The consequences of violence against female environmental refugees are the same as violence against female refugees in other contexts, such as refugees from armed conflict. According to the United Nations High Commissioner for Refugees (UNHCR) in a 2003 report (PDF, 168 pages), women face a long list of health, social, psychological, and other kinds of consequences from their experiences of violence.
There are serious and potentially life threatening health consequences that stem from sexual and gender-based violence of any kind. Fatal consequences include homicide, suicide, maternal or infant mortality, and AIDS-related mortality. Non-fatal health outcomes may include chronic physical consequences such as disability, chronic pain, eating disorders, sleep disorders, and drug and alcohol abuse. There may also be reproductive consequences such as miscarriage, sexually-transmitted infections, including HIV/AIDS, and unwanted pregnancy.
Sexual and gender-based violence of any kind can also cause psychological and social problems such as anxiety, fear, anger, shame, self-hate and -blame, and mental illness such as depression and post-traumatic stress disorder.

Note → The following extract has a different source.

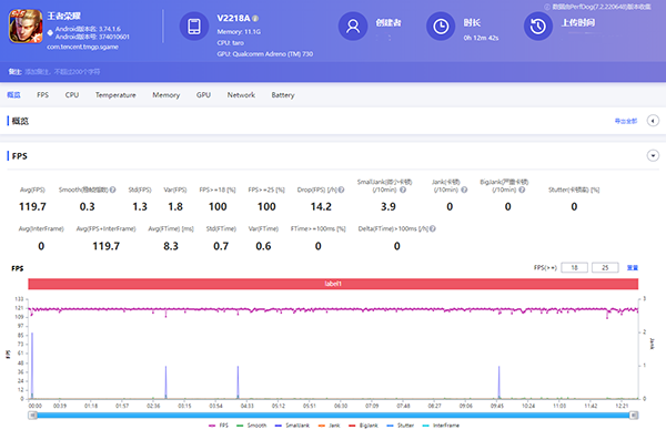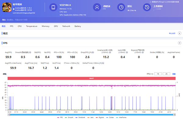 首先,《王者榮耀》《和平精英》這兩款高人氣游戲在我看來(lái)有點(diǎn)“殺雞焉用牛刀”的感覺(jué)。其中《王者榮耀》游戲幀率119.7FPS,幀率波動(dòng)0.3,《和平精英》游戲幀率59.9FPS,幀率波動(dòng)0.5,兩款游戲的幀率曲線圖基本處于一條直線運(yùn)行。

Social consequences are often strongly associated with gender, such as stigmatizing, blaming and socially rejecting a female rape victim but not a male rapist.
When national laws do not provide adequate safeguards against sexual and gender-based violence, or if judicial and law enforcement practices do not enforce laws that exist, violence against female environmental refugees can be perpetrated with impunity. Community attitudes of blaming the victim/survivor are often reflected in the courts. Many sexual and gender-based crimes are dismissed or guilty perpetrators are given light sentences. The lack of punishment meted out to perpetrators constitutes another violation of the victim’s/survivor’s rights and freedoms. The emotional damage to victims/survivors is compounded by the implication that the perpetrator is not at fault.
For many victims of environmental crises, the disaster and its consequences leaves them insecure, threatened, afraid, unprotected and at risk of further violence.
If police and security workers are not sensitive to the victim’s/survivor’s needs for immediate care, dignity, respect, and accountability for perpetrators, the result will be further harm and trauma to the victim/survivor.
From: United Nations High Commissioner for Refugees (UNHCR), Sexual and Gender-Based Violence against Refugees, Returnees and Internally Displaced Persons (2003) (PDF, 168 pages).